Kudos to Outside and Alex Shoumatoff for taking on the Los Alamos National Laboratory ("Bomb City, USA," April). The nuclear weapons money machine keeps rolling along while cleanup programs are being cut. One LANL document states that the lab's continuing nuclear weapons mission is already programmed for the next 20 to 30 years. The lab has proposed $4.85 billion in future facilities through the year 2015, and another $540 million in facility upgrades. There are more nuclear weapons now than when the Nonproliferation Treaty, in which the United States pledged insubstantive steps toward disarmament, was signed in 1970. Contrary to the treaty and the end of the Cold War, LANL seeks the indefinite preservation of nuclear weapons and the accompanying flow of tax dollars attached to that mission. Don't expect "peace dividends" from Los Alamos anytime soon. Do expect further nuclear waste generation.
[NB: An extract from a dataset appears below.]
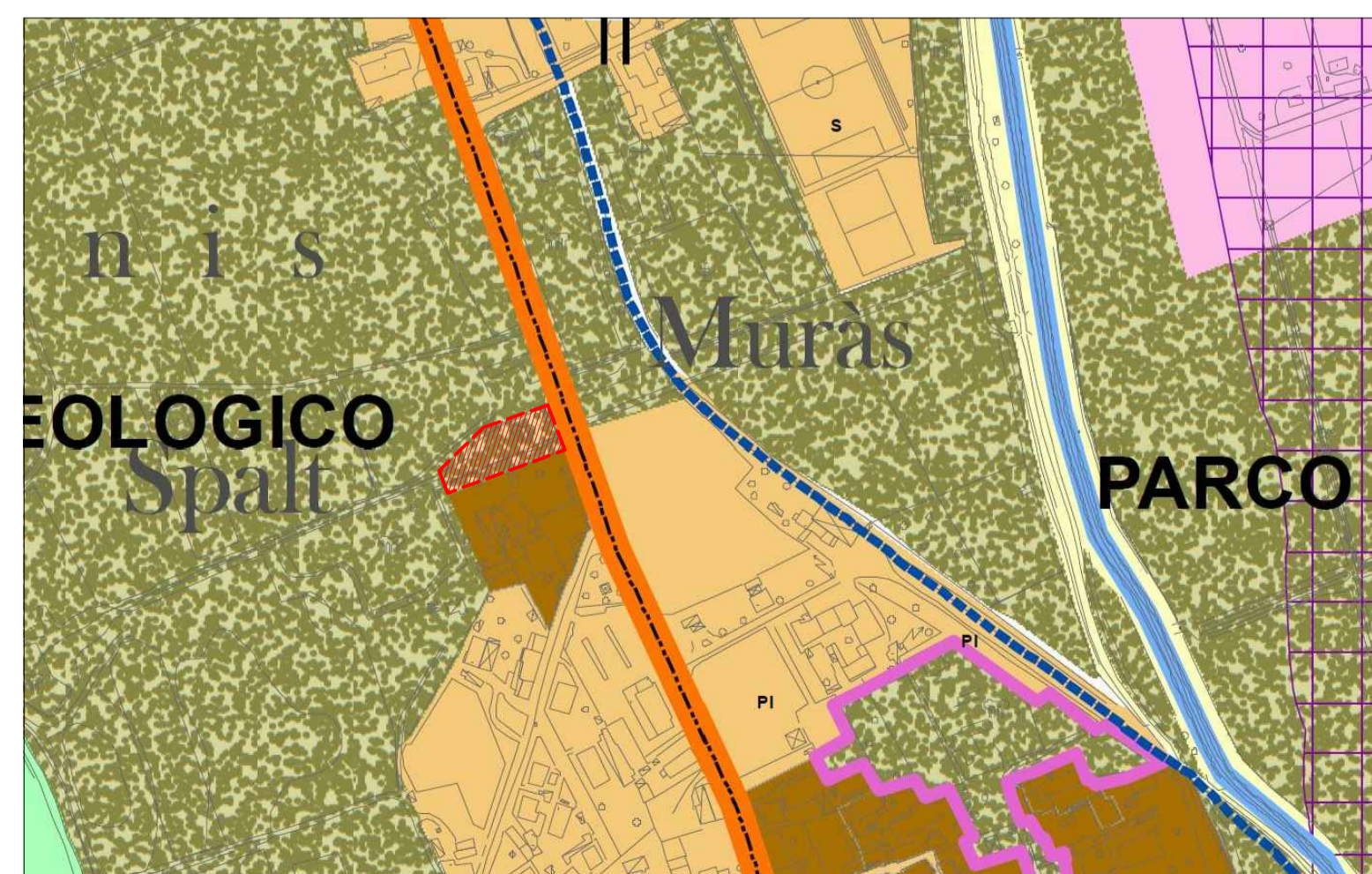
Zona di interesse archeologico (sottozona A1 compresa nel parco archeologico)

Concerned Citizens for Nuclear Safety
Santa Fe, New Mexico
As a longtime resident of Los Alamos, I salute (ahem) your wonderfully imaginative article on our fair town. How charitable of Shoumatoff to base much of his tale on someone widely known as Crazy Ed! It is true that Los Alamos is stuck in the 1950s--low crime, no gangs, good schools, friendly residents--but we are trying to catch up to our New Age neighbors in Santa Fe. The laboratory now has a center for nonlinear studies to help us get out of our linear-thinking rut. Some scientists are even playing with crystals these days.
Los Alamos, New Mexico
I can attest that Los Alamosans think of the bomb a little differently than the rest of us. Recently, while driving between Taos and Santa Fe, I tuned into a radio station licensed in Los Alamos playing "Yesterday," by The Beatles. When the song ended, the disc jockey said, "Now there's a blast from the past!" I didn't realize the sad irony until he added, "This is K Bomb, KBOM, Los Alamos."
Golden Valley, Minnesota
I think Jack Barth did a grave injustice to the Civil War reenacting community by presenting reenactors as fat, beer-drinking rednecks ("The Red Badge of Make-Believe Courage," March). We are not. By the way, Barth's uniform was incorrect.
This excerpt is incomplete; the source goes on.